◆ Information supplied
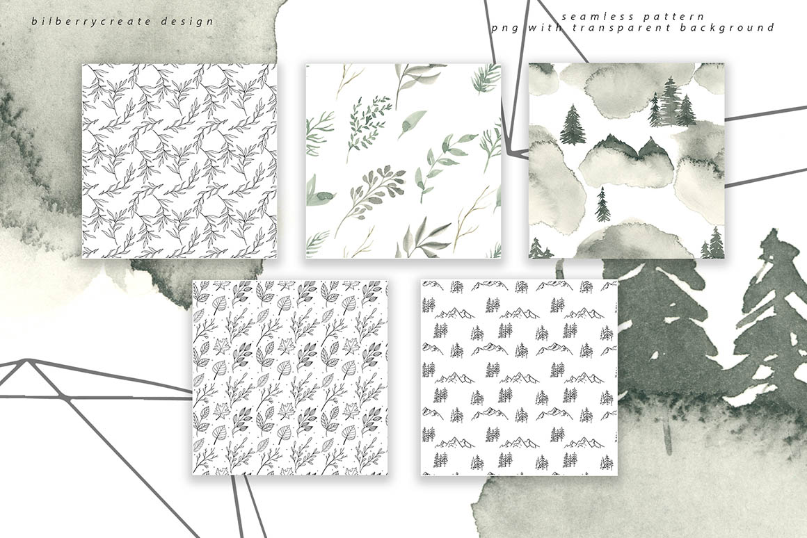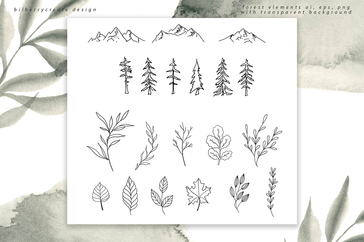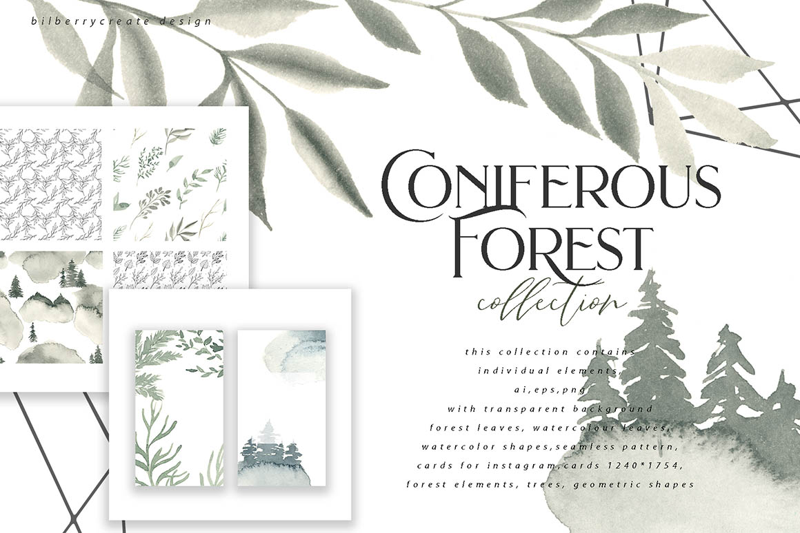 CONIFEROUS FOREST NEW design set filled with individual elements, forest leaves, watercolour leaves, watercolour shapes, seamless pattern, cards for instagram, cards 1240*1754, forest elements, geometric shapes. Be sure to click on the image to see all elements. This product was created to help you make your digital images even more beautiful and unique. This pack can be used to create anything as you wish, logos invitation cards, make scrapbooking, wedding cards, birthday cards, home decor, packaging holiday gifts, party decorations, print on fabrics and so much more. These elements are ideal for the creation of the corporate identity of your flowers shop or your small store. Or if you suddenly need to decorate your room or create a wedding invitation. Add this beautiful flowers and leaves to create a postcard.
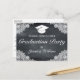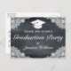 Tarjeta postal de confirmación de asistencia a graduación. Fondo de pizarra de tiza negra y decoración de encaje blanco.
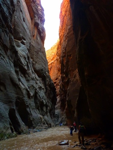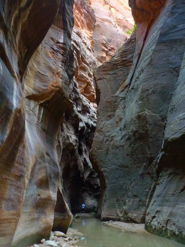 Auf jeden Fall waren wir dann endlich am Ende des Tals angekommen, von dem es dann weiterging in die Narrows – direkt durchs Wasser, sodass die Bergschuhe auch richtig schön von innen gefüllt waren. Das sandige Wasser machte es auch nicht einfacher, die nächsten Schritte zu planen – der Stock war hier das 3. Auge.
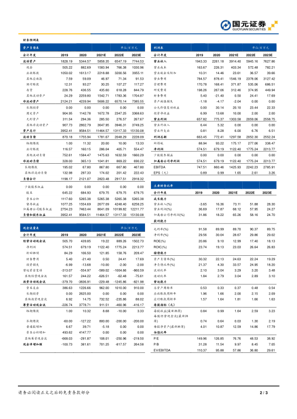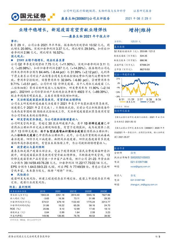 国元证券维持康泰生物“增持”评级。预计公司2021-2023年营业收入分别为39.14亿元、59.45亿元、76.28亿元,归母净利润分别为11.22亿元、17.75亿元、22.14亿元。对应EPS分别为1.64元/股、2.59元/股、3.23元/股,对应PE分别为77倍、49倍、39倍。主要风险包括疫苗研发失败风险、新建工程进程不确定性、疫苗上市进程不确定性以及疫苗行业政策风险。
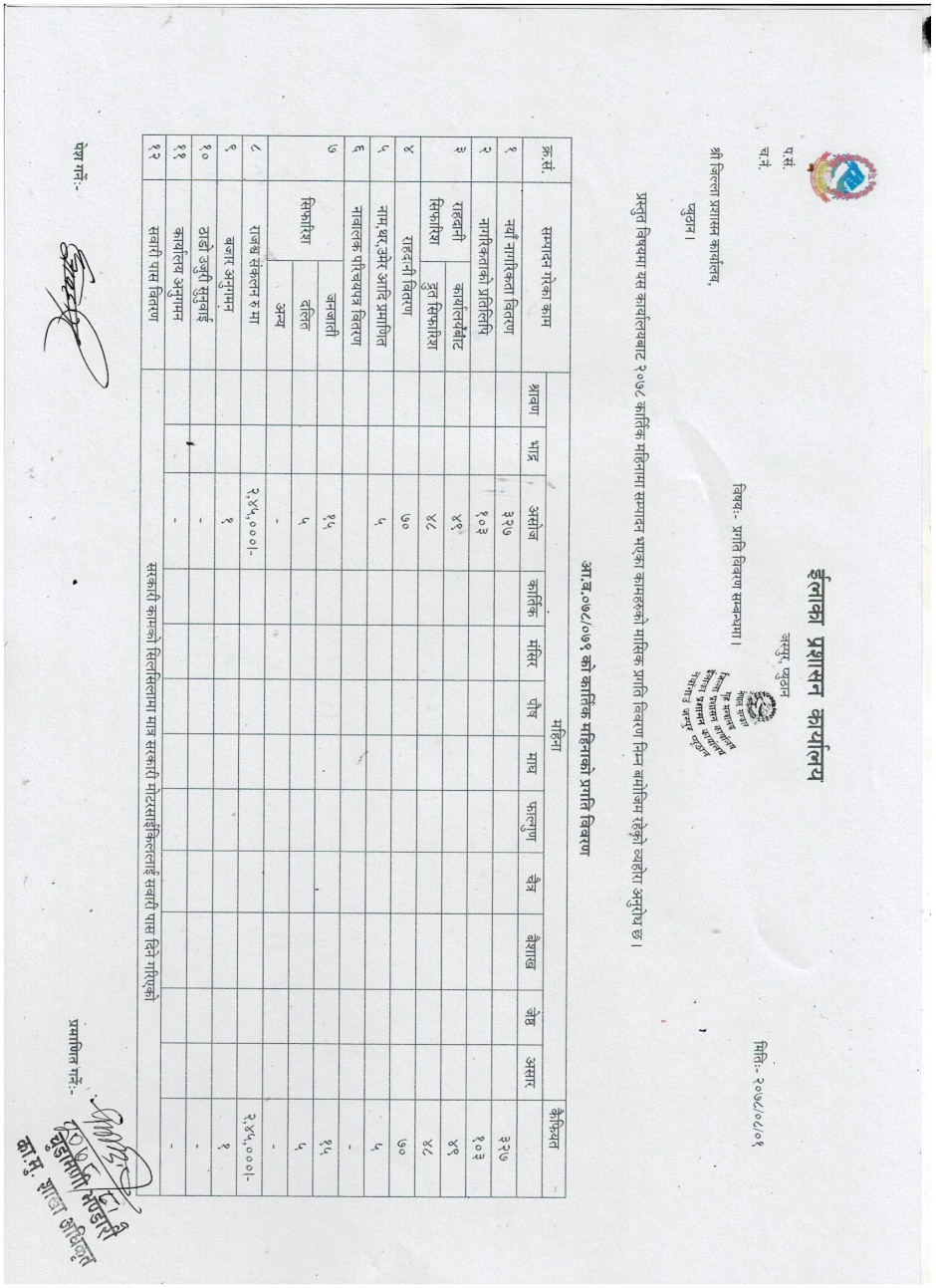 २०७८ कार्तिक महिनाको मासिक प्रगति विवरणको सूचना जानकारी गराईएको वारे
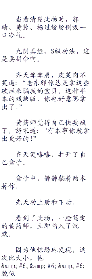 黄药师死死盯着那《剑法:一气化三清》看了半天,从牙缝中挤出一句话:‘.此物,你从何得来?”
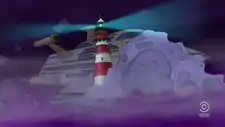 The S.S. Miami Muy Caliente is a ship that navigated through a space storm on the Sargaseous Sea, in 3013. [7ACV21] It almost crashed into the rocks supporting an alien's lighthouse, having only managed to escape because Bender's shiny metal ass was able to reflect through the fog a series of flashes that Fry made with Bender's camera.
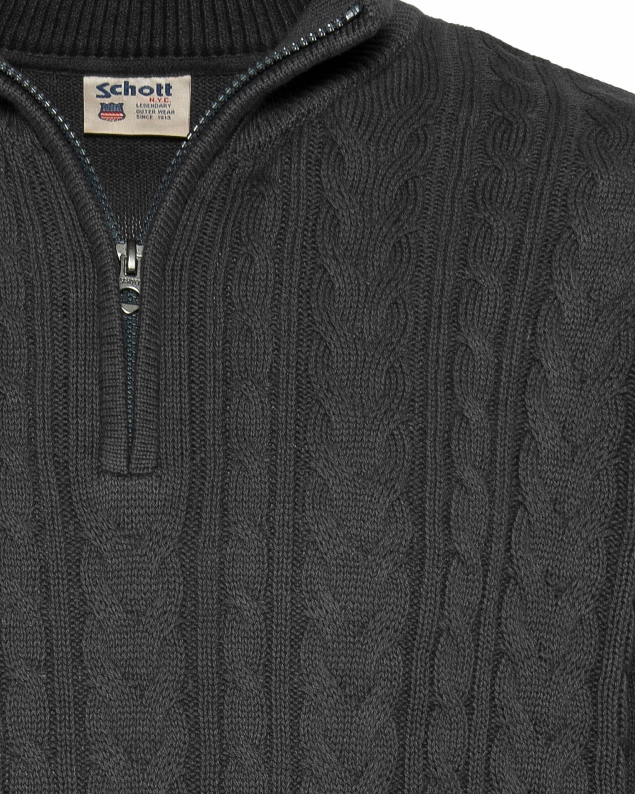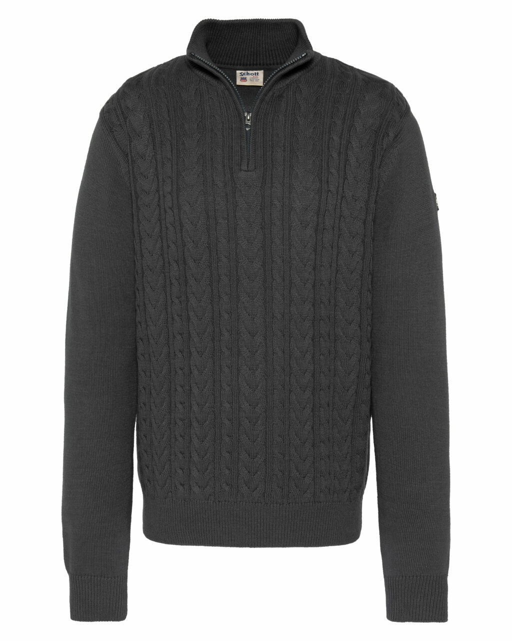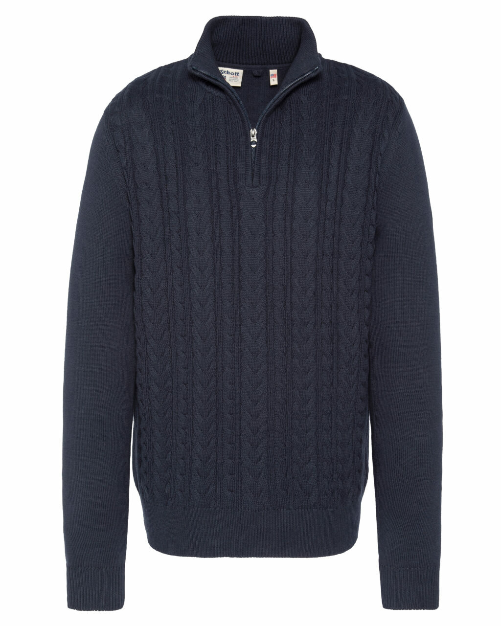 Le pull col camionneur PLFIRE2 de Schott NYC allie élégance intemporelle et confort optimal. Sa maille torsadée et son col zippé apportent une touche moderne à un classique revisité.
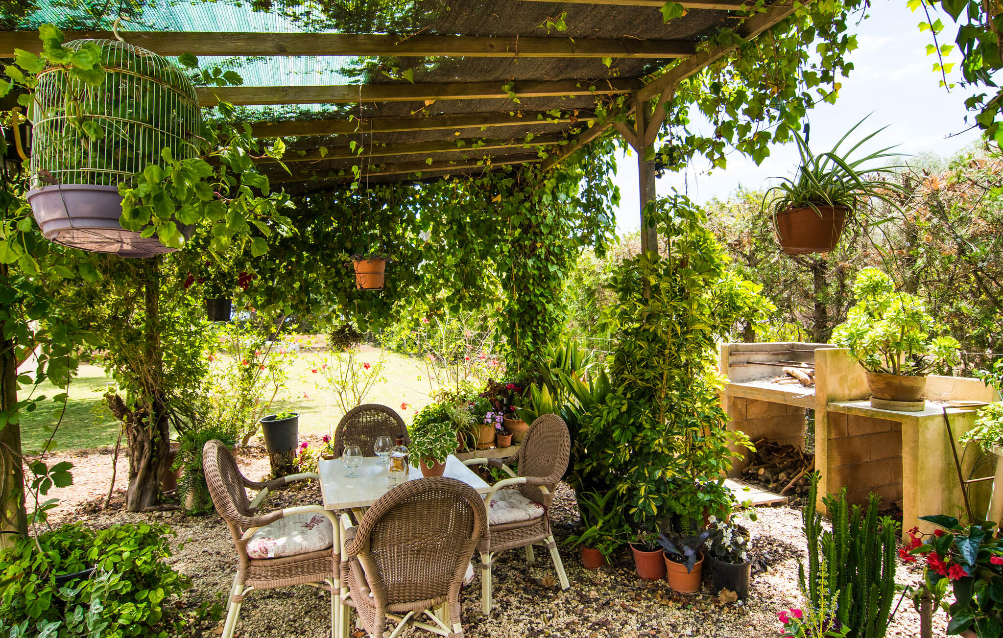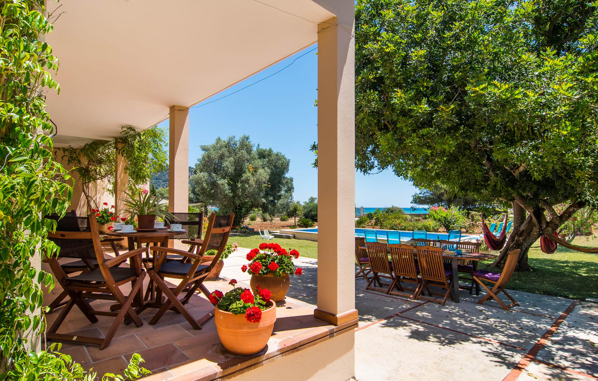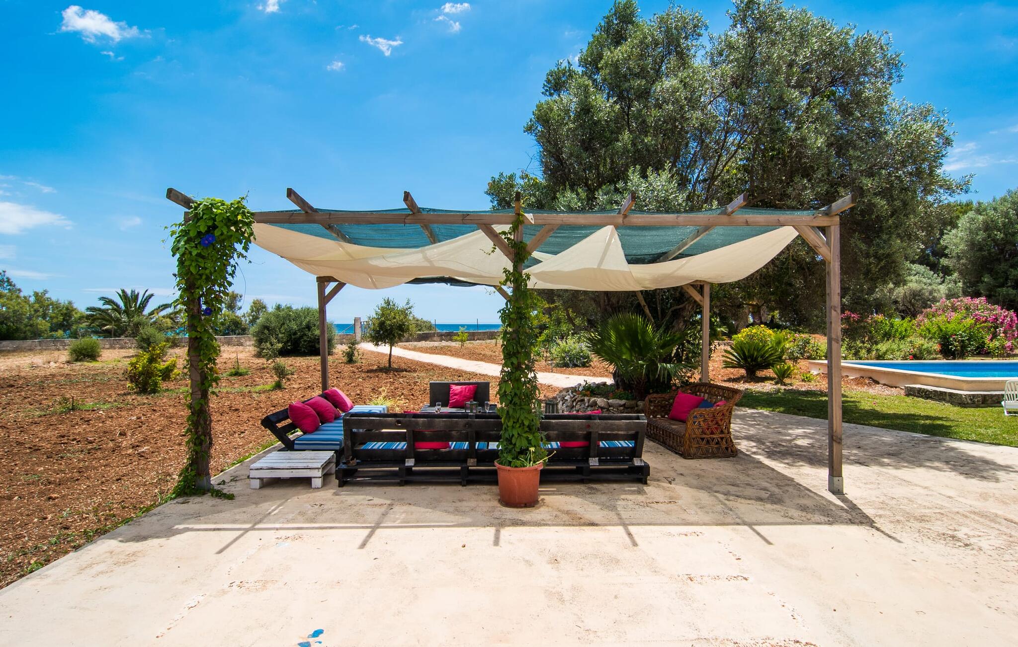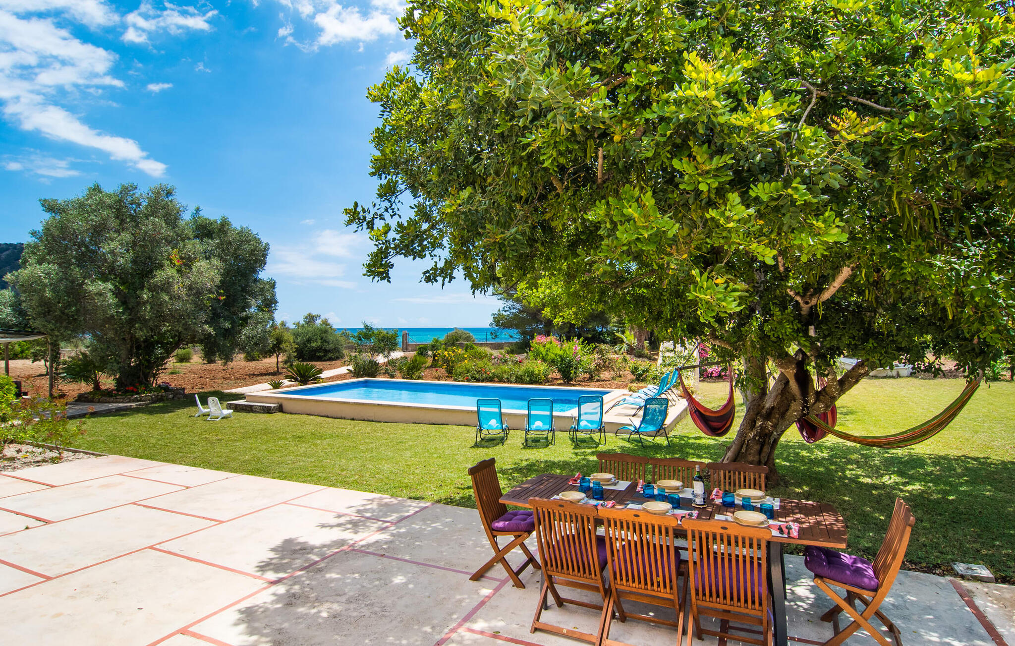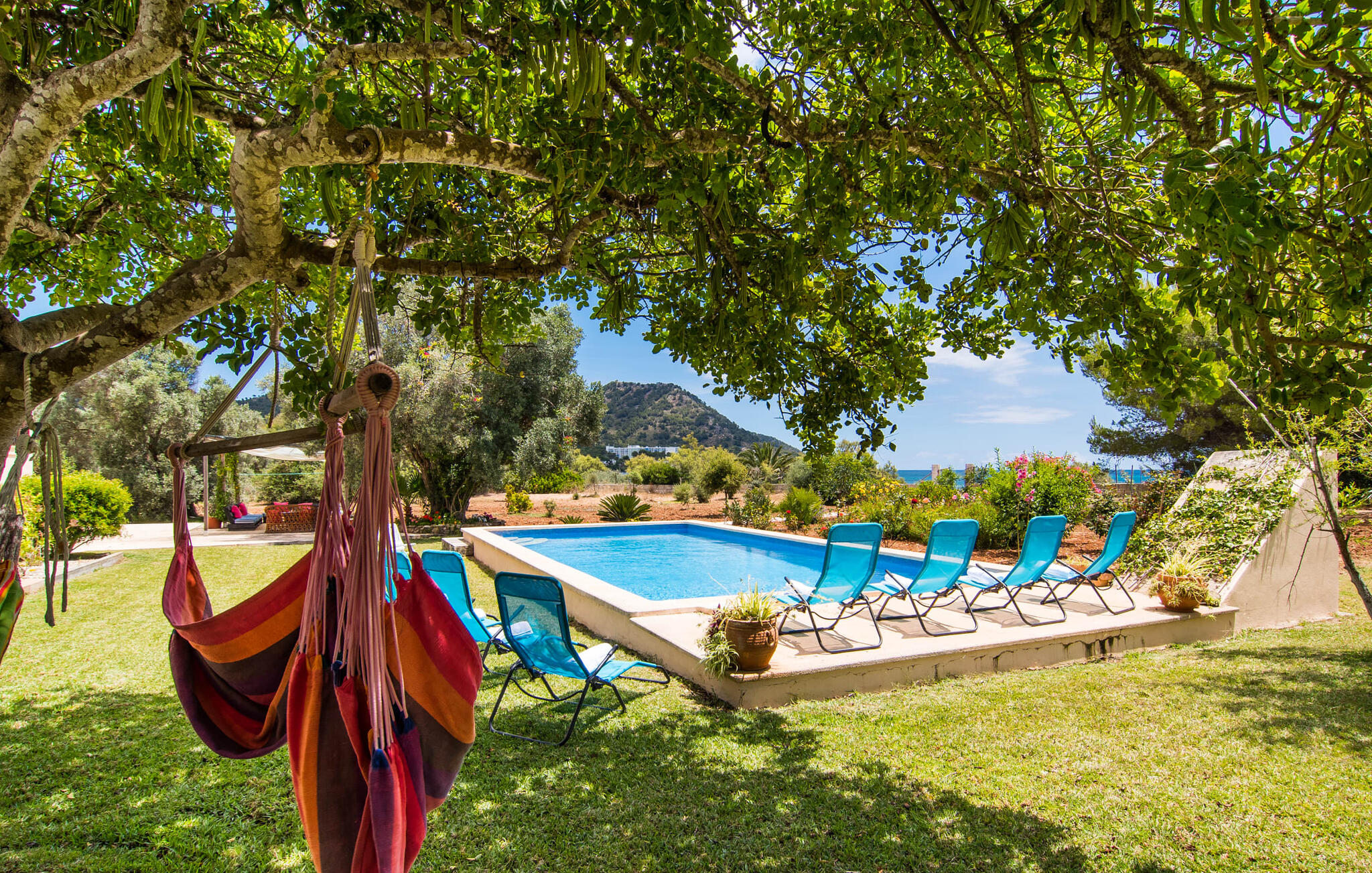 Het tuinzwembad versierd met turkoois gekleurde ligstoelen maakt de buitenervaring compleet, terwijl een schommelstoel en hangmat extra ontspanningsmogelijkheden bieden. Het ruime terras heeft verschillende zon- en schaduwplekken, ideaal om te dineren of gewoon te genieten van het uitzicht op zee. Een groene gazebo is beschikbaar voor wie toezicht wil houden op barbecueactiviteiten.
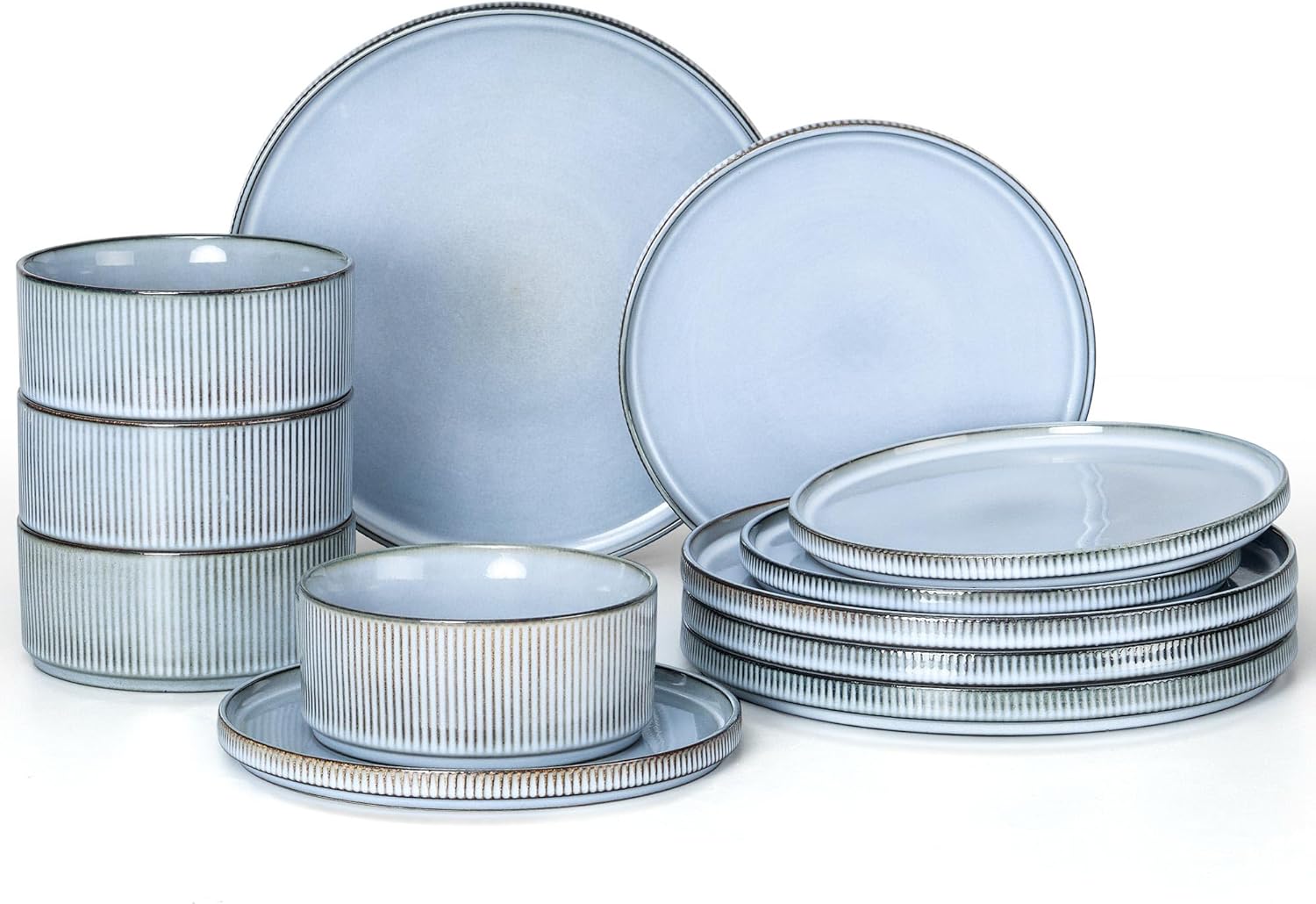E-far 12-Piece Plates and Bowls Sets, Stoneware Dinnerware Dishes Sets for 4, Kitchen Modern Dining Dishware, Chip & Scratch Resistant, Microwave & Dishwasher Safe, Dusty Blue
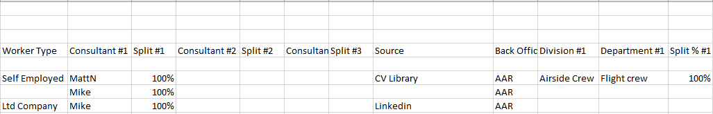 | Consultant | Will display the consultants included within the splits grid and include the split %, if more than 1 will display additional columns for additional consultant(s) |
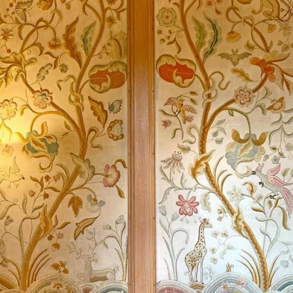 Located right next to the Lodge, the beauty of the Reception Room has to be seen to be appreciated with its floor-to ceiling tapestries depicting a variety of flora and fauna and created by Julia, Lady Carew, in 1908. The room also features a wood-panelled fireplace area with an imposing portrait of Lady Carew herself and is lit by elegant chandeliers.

◆ What to work on
Every line from the first line of the entries above through the line with "Tarjeta postal de" must be repeated exactly, and pictures must not be.

◆ Task solution
 CONIFEROUS FOREST NEW design set filled with individual elements, forest leaves, watercolour leaves, watercolour shapes, seamless pattern, cards for instagram, cards 1240*1754, forest elements, geometric shapes. Be sure to click on the image to see all elements. This product was created to help you make your digital images even more beautiful and unique. This pack can be used to create anything as you wish, logos invitation cards, make scrapbooking, wedding cards, birthday cards, home decor, packaging holiday gifts, party decorations, print on fabrics and so much more. These elements are ideal for the creation of the corporate identity of your flowers shop or your small store. Or if you suddenly need to decorate your room or create a wedding invitation. Add this beautiful flowers and leaves to create a postcard.
 Tarjeta postal de confirmación de asistencia a graduación. Fondo de pizarra de tiza negra y decoración de encaje blanco.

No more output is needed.